135 B.R. 807, 1992 Bankr. LEXIS 66, 73 A.F.T.R.2d (RIA) 640
CourtUnited States Bankruptcy Court, E.D. Texas
DecidedJanuary 14, 1992
Docket19-40031
StatusPublished
Cited by14 cases

This text of 135 B.R. 807 (In Re Gregory Engine & MacHine Services, Inc.) is published on Counsel Stack Legal Research, covering United States Bankruptcy Court, E.D. Texas primary law. Counsel Stack provides free access to over 12 million legal documents including statutes, case law, regulations, and constitutions.

Bluebook
In Re Gregory Engine & MacHine Services, Inc., 135 B.R. 807, 1992 Bankr. LEXIS 66, 73 A.F.T.R.2d (RIA) 640 (Tex. 1992).

Opinion

OPINION

DONALD R. SHARP, Bankruptcy Judge.

This matter came on for consideration of the Motion of David and Lynn Gregory, parties in interest, to Direct Funds of the Bankruptcy Estate to Cover Trust Fund Portion of Taxes pursuant to regular setting. This opinion constitutes findings of fact and conclusions of law in accordance with Federal Rule of Bankruptcy Procedure 7052 and disposes of all the issues presented to the Court.

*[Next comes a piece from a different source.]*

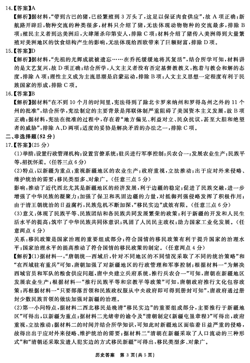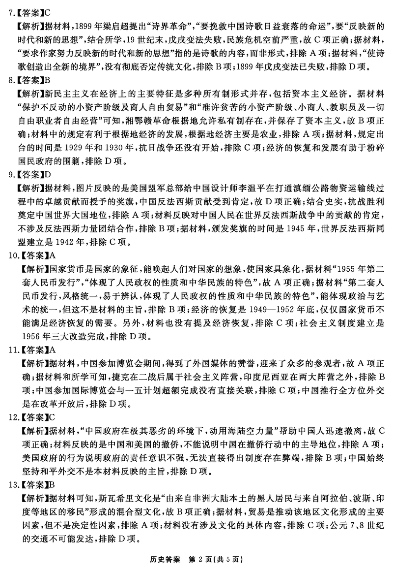 历史试题及答案解析

Factual and Procedural Background

Gregory Engine and Machine Services, Inc., hereinafter referred to as (“Debtor”), filed for relief under Chapter 7 of the Bankruptcy Code on February 2, 1990. On February 14, 1991, David and Lynn Gregory, hereinafter referred to as (“Movants”), the one hundred percent stockholders of Debtor also sought protection under Chapter 13 of the Bankruptcy Code. The thread connecting these two bankruptcies is the existence of Debtor’s liability for uncollected trust fund taxes pursuant to 26 U.S.C.A. § 6672. Since Movants are the one hundred percent shareholders of Debtor, they are correspondingly liable for these trust fund taxes as responsible parties. 1

There appears to be little disagreement as to the relevant amount of taxes at issue in this matter. The Internal Revenue Service, hereinafter referred to as (“IRS”), has filed a proof of claim in the amount of $65,000.00 of which approximately $39,-000.00 relates directly to Debtor's unpaid trust fund obligations. Apparently, due to the IRS’s status as the premier priority unsecured creditor, the IRS stands to receive, upon distribution, the majority of available assets of the estate. 11 U.S.C.A. § 507(a)(7). Also, due to the status of the trust fund taxes, to the extent such taxes are not paid through Debtor’s Chapter 7 bankruptcy such taxes are not discharged. 11 U.S.C.A. § 507(a)(7)(C). It is this last factor which concerns Movants since pursuant to 26 U.S.C.A. § 6672, the IRS can assess any unpaid balance of the trust fund taxes directly against the Movants as responsible parties.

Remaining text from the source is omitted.